In the nine years I drove a cab in Chicago, aside from Hegewisch and Edgebrook, Beverly was probably the neighborhood I took the fewest fares to. My one memorable fare to Beverly was a very drunk city attorney coming from a North Side dance club, where—to hear him tell it, the ladies couldn’t keep their hands off him. He was on his way to meet up with his good South Side girlfriend and all her friends—all of whom hated his guts.
I never thought I’d end up living here.
I’ve never lived in a place where you couldn’t hear the neighbors moving around above your head or under your feet.
I’ve never lived in a place with a lawn, nor understood why anyone would want a lawn, not to even mention ever having to actually mow one.
I moved here a year and a half ago because my girlfriend has a house here after living in apartments all my life. The concept of home ownership has always puzzled me. It still does. Rent makes sense: you pay for having a roof over your head and that’s the end of that. Home ownership is some sort of aspirational dream condition which is supposed to boost your sense of self-worth and help you “build a future” (whatever the hell that means…) There are practically no apartments to be had in Beverly so if you want to live here it pretty much means a house or you go look somewhere else. Shay lives here, so I live here too.
One of the reasons I hardly ever took a fare here in the cab is that everybody drives. It’s like a suburb that way. We get in the car to go shopping, to go to the movies, to go downtown. Despite twelve years of cabdriving this is the first place I’ve lived in the city where the primary mode of transportation is the automobile. The thing is though that to experience what’s best about Beverly you’re much better off walking or riding a bike because it’s one of the great architectural districts in the whole country.
You can’t get a drink in Beverly but you can admire the hell out of some houses. I do most of this admiring while walking Shay’s dog. There are new discoveries every time. It may take passing a place a dozen times before I notice the beautiful stained-glass in an attic window or an unusual bit of ornament or how oddly vertical that one house across the street is. There are historical markers scattered from 87th to 107th and from Ashland to Western. Some date back to the 1800s. No two houses are precisely alike here, though neighboring ones are often cousins or distant relations. If a home reflects an owner’s character or disposition, we certainly have a bunch of characters living around here. I’ve always been interested in seeing how others live and in Beverly you don’t have to even go inside to get a good picture of that.
People go nuts about their lawns in Beverly. It’s a serious business. On our dog walks Shay notes every way our neighbors have managed to get rid of simple, boring grass around their property. “Let’s do that!” she says pointing to colorful mosses, mulches, and every variety of groundcover, bushes, trees, rocks, or statuary. I always agree, whatever it is. We’re working on it.

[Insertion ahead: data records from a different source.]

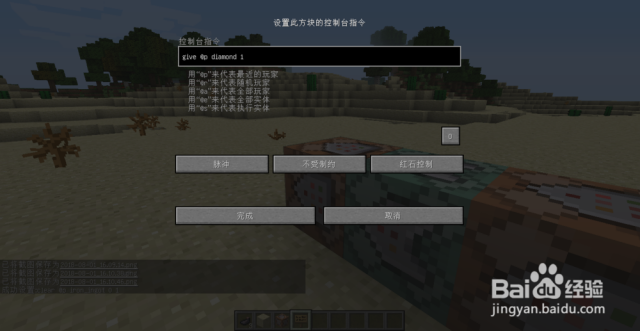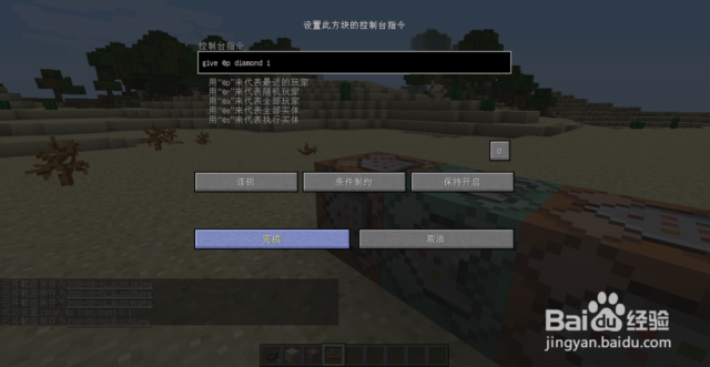 解析:give是给予玩家物品的指令,diamond是钻石,1是物品数量。这个指令就是给予最近的玩家1个钻石。然后像第4步一样,把三个按钮分别调成“连锁”“条件制约”“保持开启”。
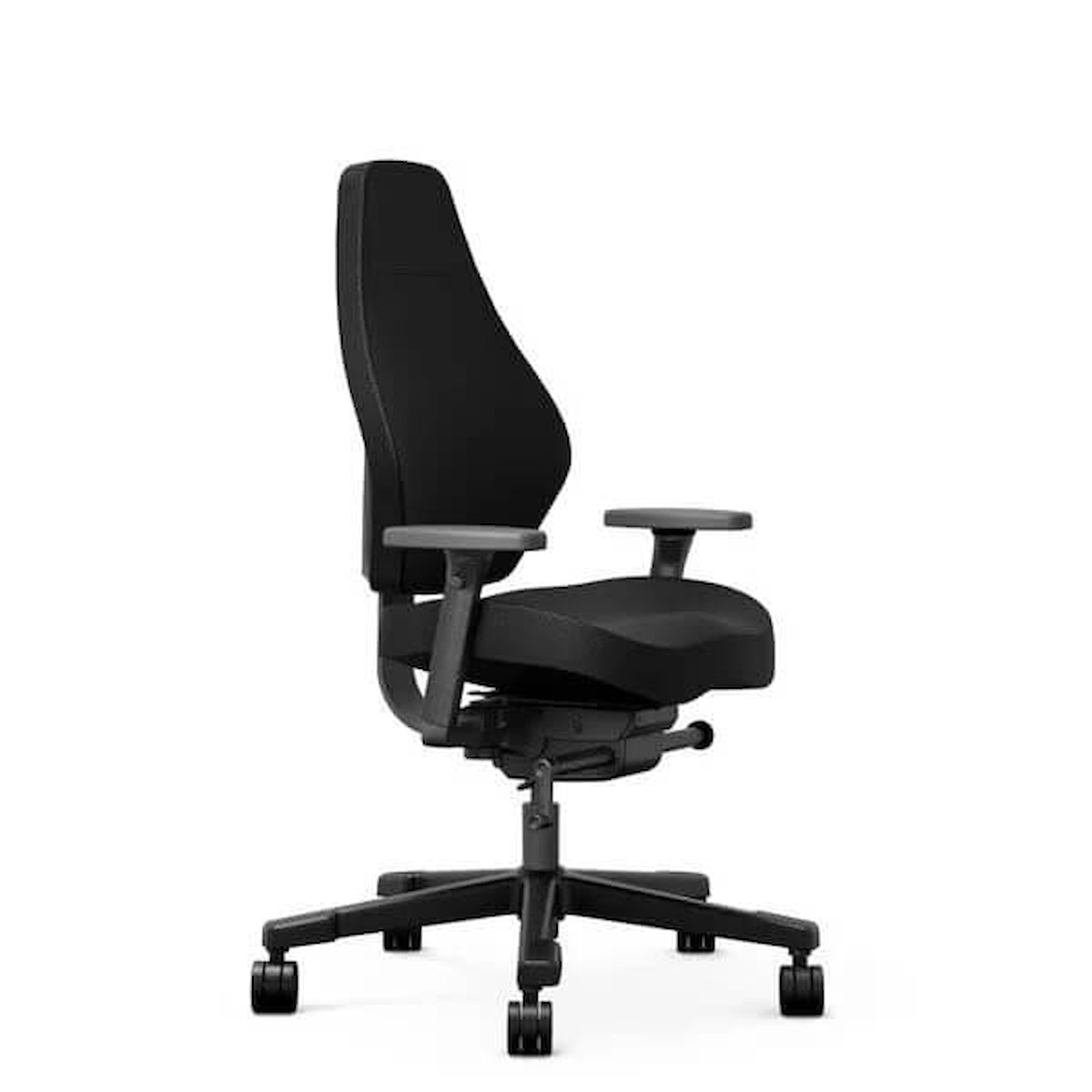3D-armlænene kan justeres i bredden fra 410 til 490 mm og giver plads til brugere med forskellige kropsformer. Stolen er polstret med det slidstærke tekstil Mozart fra danske Gabriel – med hele 200.000 Martindale og høj lysægthed. Det sorte nylonstel med hjul giver en solid base og nem mobilitet.
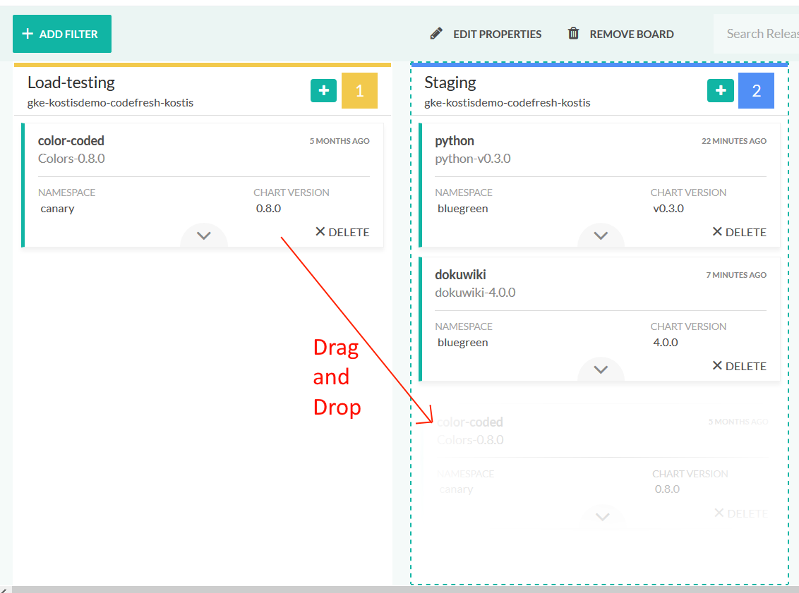 Once you have your columns in place, you can move Helm releases between clusters/namespaces by drag-n-drop. Each Helm release can be dragged to any other column either promoting it, for example, from QA to Production, or shifting it left, for example, from Production to QA.
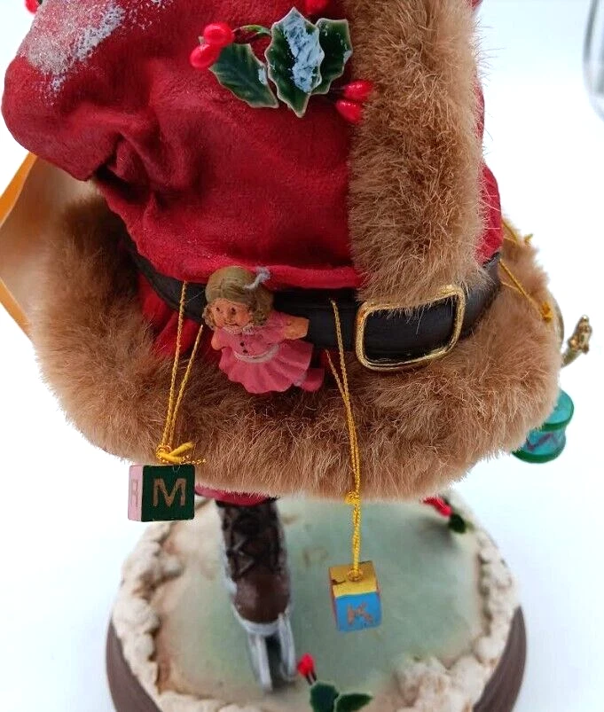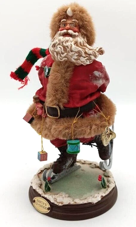 Vintage 1990's “Santa Ice Capades” Musical Skating Santa from Kurt S. Adler Made of mixed materials including fabric-mache, Wind him up to hear the “Skaters waltz”, Measuring 12” H x 5-1/4” in diameter, Comes in original box. Please review all pictures as they are part of my description. I try to give you as many pictures as possible. If you want more pictures or have additional questions, do not hesitate to ask. W e use clean recycled shipping materials while shipping as safe and economical as possible. We will combine shipping on multiple items purchased. My husband and I are very proud to have a 100% feedback rating!! Be sure to stop by our store for more unique items.
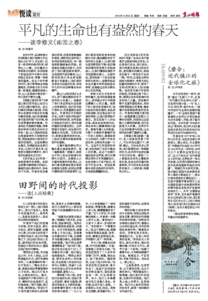 - 平凡的生命也有盎然的春天 ■ 文/刘昌宇 初冬时节,品读李修文的《南国之春》(湖南文艺出版社2025年11月出版),似有一股和煦的春风吹来,顿觉沁人心脾。这位鲁迅文学奖得主的新作,如
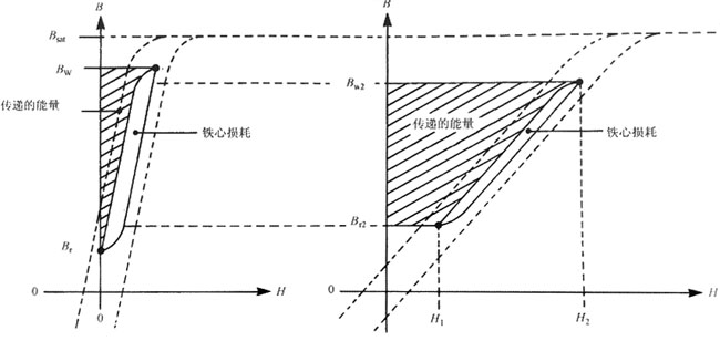 導通期間結束時,大小為1/2Lp·I2(I2為圖中與磁化強度H2相對應的電流)的能量儲存于變壓器磁場中,該能量少于保持在磁心中的能量1/2Lp·I2,并在每個周期傳遞到輸出電路。 總之,設計者必須根據要求的性能和傳遞的功率來選擇工作方式,注意檢查在所有可能負載條件下的工作方式,并準備設計控制環以處理所有實際情況。
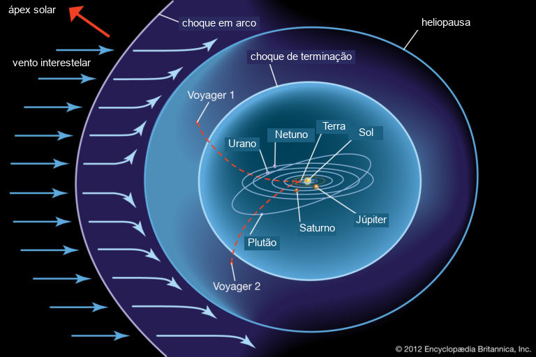 Depois de viajar muito além dos planetas do Sistema Solar, as duas missões Voyager chegaram pela primeira vez à região onde a velocidade do vento solar é subsônica, conhecida como “choque de terminação”. O próximo grande marco dessa viagem foi a heliopausa (veja ilustração na Figura 1). Essa é a região em que o Sistema Solar interage com a Galáxia em que habitamos, de modo que é importante e crucial estudá-la. Podemos aprender muito sobre como as forças e os campos magnéticos no plasma do meio interestelar confinam e influenciam o vento solar. A heliopausa é importante até para entendermos como a vida pode ocorrer ems sistemas solares é ela que nos protege dos perigosos raios cósmicos e de outras radiações de alta energia que podem ser desastrosas para a vida.

Some neighbors take it too far. There’s one on Wood Street who runs out every time he sees me with the dog to make sure we don’t piss on his prize-winning bushes. I understand the impulse to beautify one’s environment, I guess, but when plants become dearer than animals it might be time to reevaluate your priorities.
Beverly is the type of place where all your neighbors know you at least well enough to wave while passing in their cars. I’ve never known my neighbors anywhere I’ve lived. It’s an adjustment. But of course even in a place like this there’s one person that everyone on the block would rather not know. Ours is Crackhead Gary.
He doesn’t have his old cars rusting on blocks in the front yard, I’ll give him that much. The facade of his house is stripped of siding and unfinished, the front windows are plasticked over—the remnants of a fire the house hasn’t ever recovered from. When Shay first moved in Gary rang her bell and asked if she’d be willing to serve as a mother-figure to his children while their own mother was away in jail. They, along with Gary’s dog, can often be seen wandering aimlessly up and down the block. I mostly watch the comings and goings at Gary’s from my upstairs studio window. At any hour of day or night his mother—who lives up the block—will pull up in her minivan and lay on the horn to announce her arrival; Gary will tear out of the driveway on his Harley or his pickup, then come tearing back—the wrong way, since ours is a one-way street; I’ll watch him screaming at his kid or his car or his friends or he’ll just pace up and down the sidewalk talking to himself. It all makes for good theater, though the roar of a Harley engine at 3am will wake you from the deepest sleep.
Beverly has historically been an all-white, mostly Irish neighborhood but that’s slowly changing. My block is nearly evenly split, black and white, and not everybody around here is a cop, state’s attorney, or fireman anymore. The most persecuted minority seems to be Latinos. Shay knows a Mexican and a Puerto Rican woman who are actually friends here, that’s how bad it is.
You need to spend a lot of years in a place to really have anything to say about it. I’ll have to put the leash on the dog and walk up and down these streets many more times before I learn much of anything.